January will end up being a dry month, the driest in three years.NOAA (custom credit)/NOAA

The lack of snow is frustrating for many, but there are also plenty of people loving the bare ground. This isn’t to say that things couldn’t change in the next couple of weeks, but we are rapidly running out of time for those of you hoping for a blockbuster snowy season.

There’s multiple reasons why we haven’t seen much in the way of snow or cold. One of these reasons is the polar vortex — which we often hear about when it expands or move south — has been locked up tight across the northern part of the planet. This keeps the cold air from penetrating very far south, so even when we’ve gotten some storms without the availability of the cold stuff, we’ve just seen rain.

The arctic oscillation typically fluctuates from positive to negative.NOAA (custom credit)/NOAA

The position of the jet stream has continued to allow Pacific air to stream across the country. When there has been a dip in the jet stream, the dip has occurred in the western part of the United States rather than here in the east.
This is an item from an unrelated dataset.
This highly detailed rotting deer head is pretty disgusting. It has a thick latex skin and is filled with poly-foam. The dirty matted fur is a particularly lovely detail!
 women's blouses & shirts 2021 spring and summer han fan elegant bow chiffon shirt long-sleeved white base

The upper pattern in early February keeps a southerly flow across the east with milder air.Tropical Tidbits (custom credit)/Tropical Tidbits

The warm weather has also kept the ground from freezing very deeply. One of the earliest blooming small trees in southern New England is called a hamamelis. Mine was already starting to open up this morning a couple of weeks ahead of schedule.


Hamamelis "Diane" was already in bloom in Natick this month.Dave Epstein (custom credit)/Dave Epstein

With the forecast keeping warmer-than-average air in place over the next couple of weeks, it does look to me like we may be in for an early spring.
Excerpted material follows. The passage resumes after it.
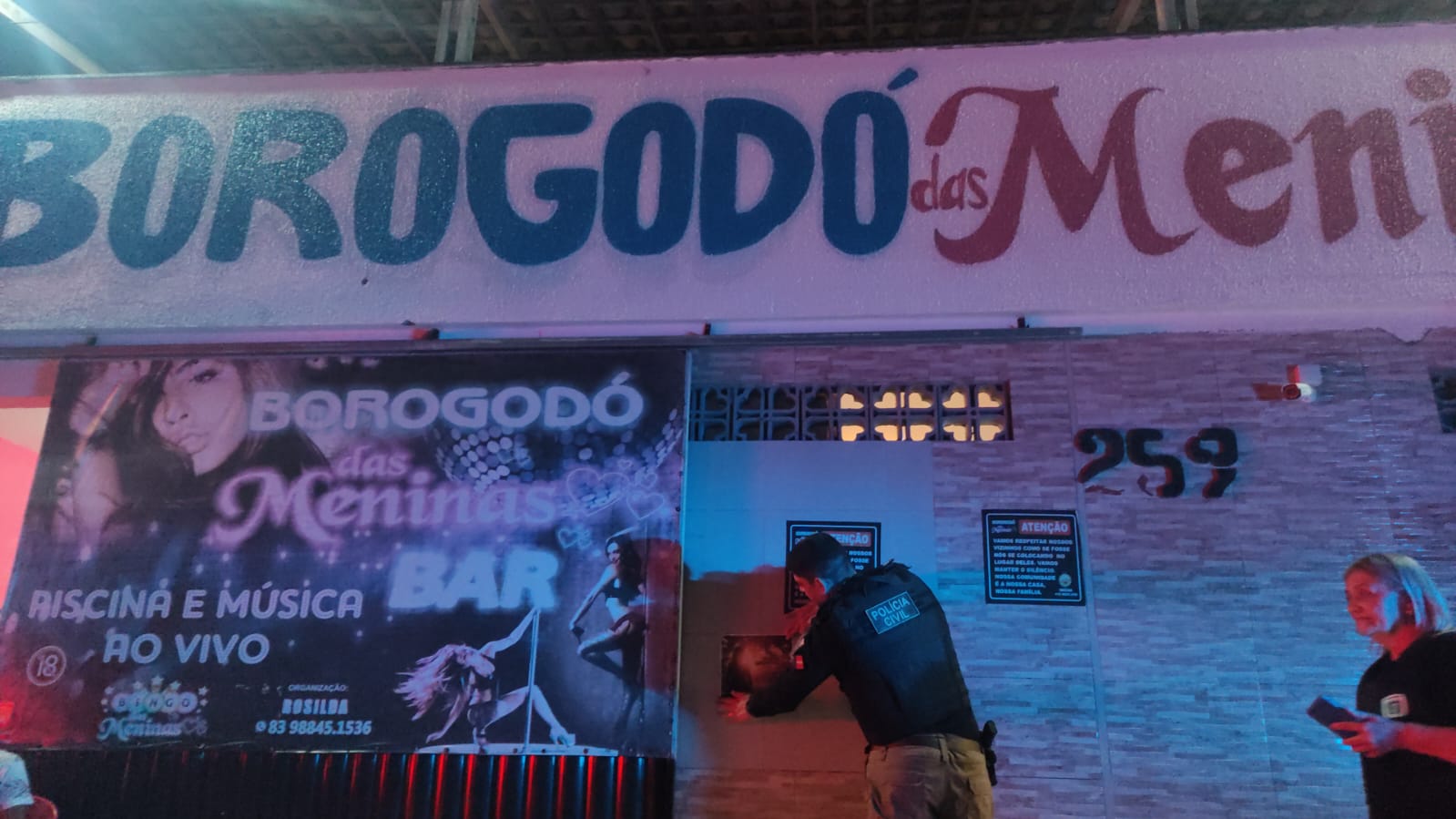 Durante as abordagens foi confirmada a veracidade de uma denúncia através do número 197 da Polícia Civil, de que um bar no bairro Tibiri, em Santa Rita, era ponto de venda de drogas, e exploração sexual, inclusive de menores.

Of course, we can still get a big snowstorm, and many people who read this will point out it has snowed a lot in March, April, and even into May. However, the reality is that early next week, the gap between sunrise and sunset will increase to 10 hours of daylight, and that starts to prompt nature to go into spring mode. Lots of animals will begin mating, root activity starts to increase, and within the next couple of weeks, the songs of many birds will start to change.

The North Atlantic Oscillation is forecast to remain in the positive mode through mid-February, a bad sign for a cold and snowy period of weather.WeatherBell (custom credit)/WeatherBell

It is going to snow again. The winter season isn’t over yet, but the transitional period from the coldest and darkest days is well underway. If we’re going to get a few cold weeks with significant accumulation of snow, some of these patterns that have been stuck in the warm mode are going to have to change. If not, then you can put a fork in this winter — it will be done.